The unit 1 in FIG. 2 includes a rectangular parallelepiped case 11, an intake fan 12 provided on the bottom surface of the case 11, and a fluorescent lamp that is attached in the longitudinal direction of the case 11 and emits light including a wavelength in the ultraviolet region. Light source) 13, a photocatalyst sheet (photocatalyst holding member) 14 installed at a predetermined inclination so that light from the fluorescent lamp 13 is irradiated substantially vertically on the lower right side surface of the case 11, And an exhaust port 15 formed on the upper right side. The photocatalyst sheet 14 is obtained by forming a photocatalyst layer 14b containing TiO ₂ as a photocatalyst on the surface of a plate-like substrate 14a.

When the photocatalyst sheet 14 is irradiated with ultraviolet light from the fluorescent lamp 13, the photocatalyst is excited, and ozone contacting the photocatalyst sheet 14 is decomposed by the following chemical reaction formula (1).
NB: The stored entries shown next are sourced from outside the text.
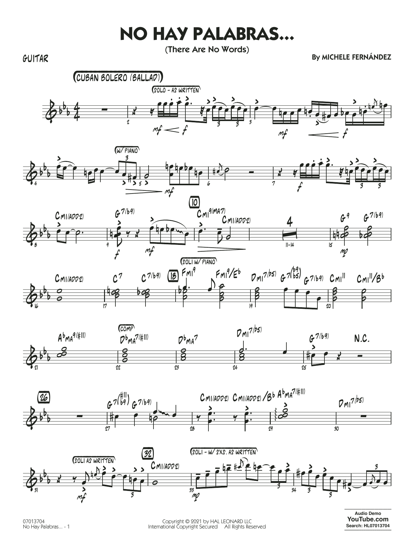 Der Bolero ist Kubas Version der Ballade, und diese wunderschöne, berührende Melodie mit üppiger Instrumentierung bietet Ihrer Band und besonders dem Altsaxophon die Gelegenheit, sich von der gefühlvollen Seite zu zeigen. Das Solo im Paquito D'Rivera-Stil ist ausgeschrieben, mit zusätzlichem Raum für Improvisation und einer optionalen Schlusskadenz.
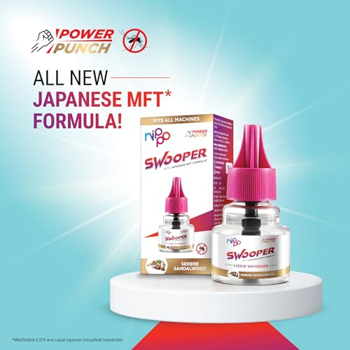 Nippo Swooper Liquid Vaporizer I Mosquito Repellent Machine+2 Refill(45ml) with 2 AAA Batteries Free I Sandalwood Fragrance I Japanese MFT Formula I Kills Dengue, Malaria & Chikungunya Mosquitoes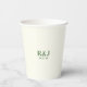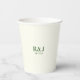 Crea tazas de papel boda con tus monogramas! Verde con una sombra muy clara de amarillo. El encanto es sencillo y moderno. Personalizar el anverso y la espalda con el monograma deseado de la pareja y la fecha del boda. Parte de la colección Romantic Tree Design. Utilice la plantilla para crear sus propias tazas de papel monograma boda.

At this time, moisture in the air in contact with the photocatalyst sheet 14 is also decomposed by the following chemical reaction formula (2).
2O ₃ + H ₂ O → OH + 2O ₂ + HO ₂ .--- (1)
_{H 2 O → · OH + H} · ---------- (2)

  And “.OH” (hereinafter referred to as “OH radical”) generated by the decomposition of ozone and moisture has a strong oxidizing action, and reacts with TVOC to decompose it. In particular, the OH radical causes a reaction to open the benzene ring.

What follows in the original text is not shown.